Task prompt -> Below is a listing to transcribe in full and exactly; keep the pictures out.

(Information supplied begins)

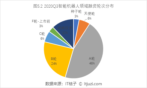 2020 年第三季度中国智能机器人领域共发生 33 起投资,以 A 轮、B 轮为主,分别占比 46% 和 24%。
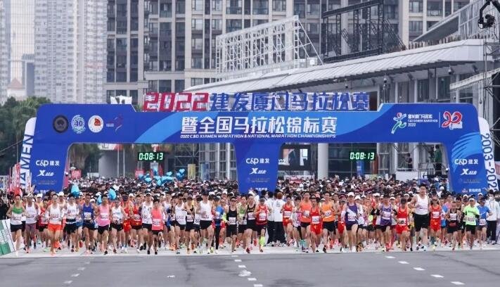 跑步爱上一座城!11月27日上午7:30,2022建发厦门马拉松赛暨全国马拉松锦标赛鸣枪开赛。二十载万众并肩,参赛选手自厦门国际会展中心起跑开启42.195公里的征途,以跑共庆厦门马拉松20周年。
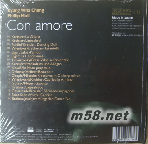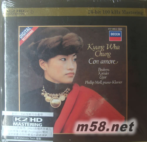 Philip Moll Con Amore (環(huán)球K2HD系列)(m58.net) 韓國女小提琴家,生于漢城。4歲學(xué)鋼琴,5歲改學(xué)小提琴,9歲即在漢城交響樂團(tuán)音樂會上演奏門德爾松協(xié)奏曲。1961年進(jìn)入紐約朱利亞音樂學(xué)院。她也是加拉米安的學(xué)生,算是帕爾曼的“師妹”。1967年獲利文特里特國際小提琴競賽一等獎。1970年與普雷文指揮的倫敦交響樂團(tuán)合作演出柴柯夫斯基小提琴協(xié)奏曲,大為轟動,從此確立這位極富自發(fā)性的女小提琴家在20世紀(jì)后期國際樂壇的地位
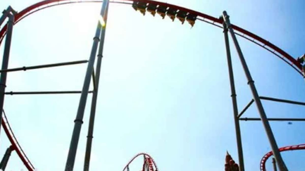 Un pájaro se para sobre un botón y detiene una montaña rusa

(Information supplied ends)

Solution below ->
 2020 年第三季度中国智能机器人领域共发生 33 起投资,以 A 轮、B 轮为主,分别占比 46% 和 24%。
 跑步爱上一座城!11月27日上午7:30,2022建发厦门马拉松赛暨全国马拉松锦标赛鸣枪开赛。二十载万众并肩,参赛选手自厦门国际会展中心起跑开启42.195公里的征途,以跑共庆厦门马拉松20周年。
 Philip Moll Con Amore (環(huán)球K2HD系列)(m58.net) 韓國女小提琴家,生于漢城。4歲學(xué)鋼琴,5歲改學(xué)小提琴,9歲即在漢城交響樂團(tuán)音樂會上演奏門德爾松協(xié)奏曲。1961年進(jìn)入紐約朱利亞音樂學(xué)院。她也是加拉米安的學(xué)生,算是帕爾曼的“師妹”。1967年獲利文特里特國際小提琴競賽一等獎。1970年與普雷文指揮的倫敦交響樂團(tuán)合作演出柴柯夫斯基小提琴協(xié)奏曲,大為轟動,從此確立這位極富自發(fā)性的女小提琴家在20世紀(jì)后期國際樂壇的地位
 Un pájaro se para sobre un botón y detiene una montaña rusa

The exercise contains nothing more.